Please include in your PR:

  • Mark as AI-assisted in the PR title or description
  • Include a concise Evidence section with the most useful validation. Reviewers will inspect the code, tests, and CI rather than relying on the PR body alone.
  • Include prompts or session logs if possible (super helpful!)
  • Confirm you understand what the code does
  • If you have access to Codex, run codex review --base origin/main locally and address the findings before asking for review
  • Resolve or reply to bot review conversations after you address them

AI PRs are first-class citizens here. We just want transparency so reviewers know what to look for. If you are using an LLM coding agent, instruct it to resolve bot review conversations it has addressed instead of leaving them for maintainers.

Current Focus & Roadmap 🗺

We are currently prioritizing:

  • Stability: Fixing edge cases in channel connections (WhatsApp/Telegram).
  • UX: Improving the onboarding wizard and error messages.
  • Skills: For skill contributions, head to ClawHub — the community hub for OpenClaw skills.
  • Performance: Optimizing token usage and compaction logic.
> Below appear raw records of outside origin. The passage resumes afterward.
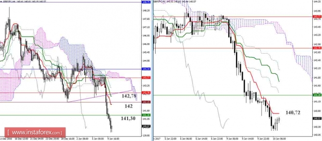 В настоящий момент младшие таймфреймы полностью на стороне медведей. Цели и ориентиры здесь давно отработаны, поэтому все перспективы снижения сейчас расположены на старших временных интервалах. Н4 и Н1 смогут пригодиться в случае развития коррекционного подъёма, сформировав дополнительные уровни сопротивления. Сопротивления различных уровней Ишимоку сегодня сконцентрированы на следующих рубежах: 140,72 (Тенкан Н1) – 141,30 (Тенкан недель + крест Н1) – 142 (Тенкан Н4 + прошлый максимум) – 142,78 (дневной Тенкан + крест Н4 + облако Н1).
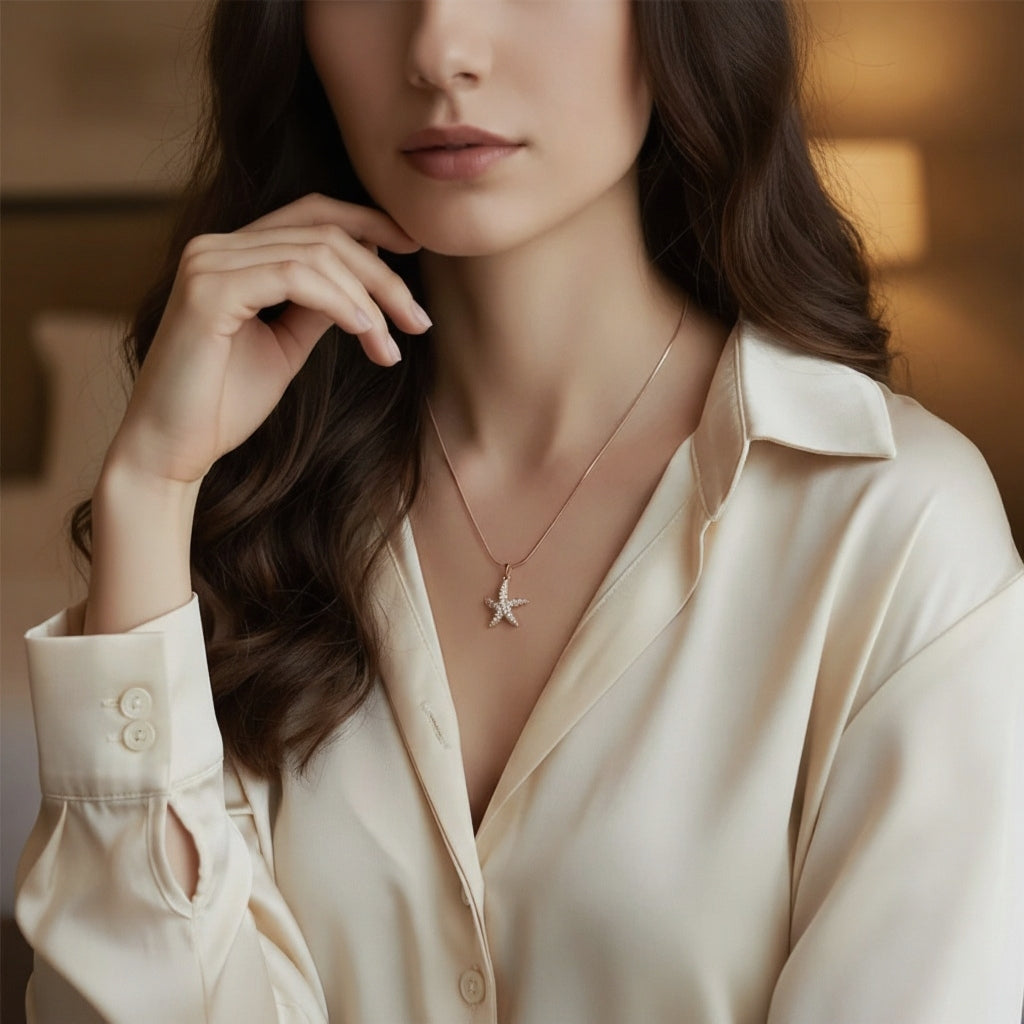 Bring the sparkle of the ocean to your look with our Celestial Starfish necklace
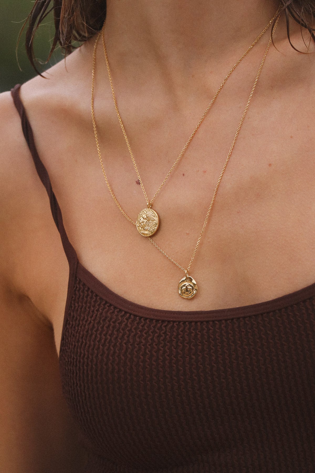 3-micron gold-plated necklace featuring a round Aztec-inspired bird pendant. You can personalize it by choosing the type and length of chain.
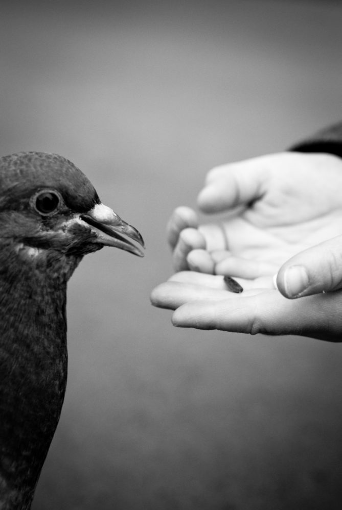 Kneeling on the ground, the pigeons eating sunflower seeds out of my hand, I noticed a mother and child approaching. “Look, she is taking photographs of the pigeons”. When I looked around the boy was standing behind me. I asked whether he wanted to feed them too. He did. I gave him some seeds and he held his tiny hands out. It was a serene moment filled with friendship.
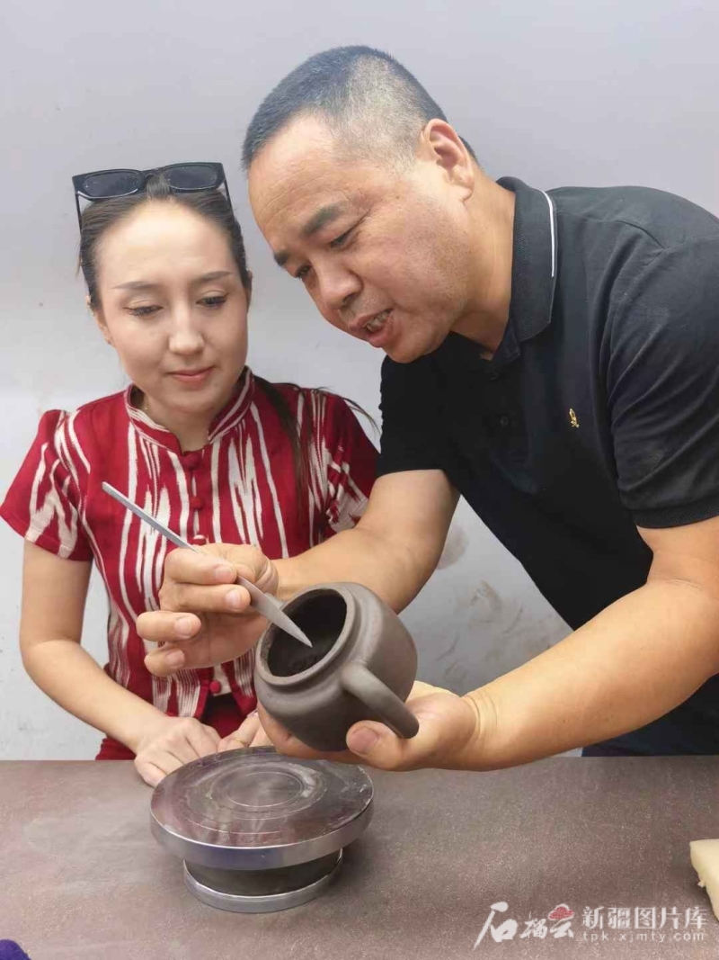 宜兴市陶瓷行业协会的大师在工作间给学生传授紫砂壶制作技艺。石榴云/新疆日报记者 何新社摄
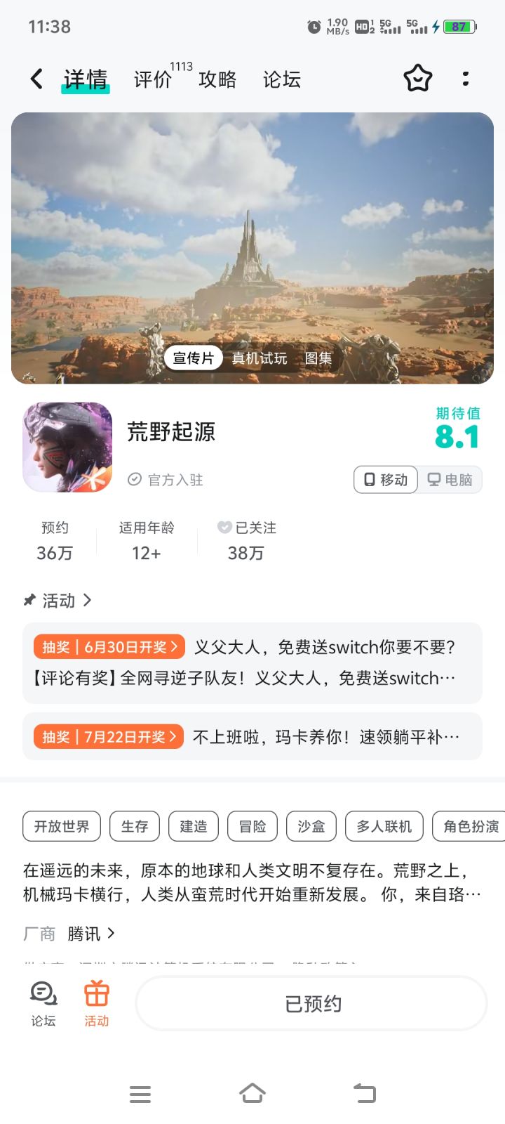 #荒野起源二测 作为一个忠诚的沙盒类、多人生存建造类游戏爱好者,无论是端游、手游游玩时间都是1000h+,对于荒野起源的期待还是很高的,也有幸参加了这次测试,先说下整体评价吧——优秀但不算顶级,优秀就不细说了,主要是讲讲需要优化的地方或者说是自己对于游戏的一些期待1.升级方面,这次测试感觉整体的升级节奏被限制得很厉害,想要快速升级必须跟着任务活动走,但是这种游戏应该更多的是探索冒险,野外拾取、击

Check the GitHub Issues for "good first issue" labels. If none are open, pick a small docs or bug issue and leave a quick comment saying you'd like to work on it.

Maintainers

We're selectively expanding the maintainer team. If you're an experienced contributor who wants to help shape OpenClaw's direction — whether through code, docs, or community — we'd like to hear from you.

Being a maintainer is a responsibility, not an honorary title. We expect active, consistent involvement — triaging issues, reviewing PRs, and helping move the project forward.

Still interested? Email contributing@openclaw.ai with:

  • Links to your PRs on OpenClaw (if you don't have any, start there first)
  • Links to open source projects you maintain or actively contribute to
  • Your GitHub, Discord, and X/Twitter handles
  • A brief intro: background, experience, and areas of interest
  • Languages you speak and where you're based
  • How much time you can realistically commit

We welcome people across all skill sets — engineering, documentation, community management, and more. We review every human-only-written application carefully and add maintainers slowly and deliberately. Please allow a few weeks for a response.

Report a Vulnerability

We take security reports seriously. Report vulnerabilities directly to the repository where the issue lives:

For issues that don't fit a specific repo, or if you're unsure, email security@openclaw.ai and we'll route it.

Required in Reports

  1. Title
  2. Severity Assessment
  3. Impact
  4. Affected Component
  5. Technical Reproduction
  6. Demonstrated Impact
  7. Environment
  8. Remediation Advice

Reports without reproduction steps, demonstrated impact, and remediation advice will be deprioritized. Given the volume of AI-generated scanner findings, we must ensure we're receiving vetted reports from researchers who understand the issues.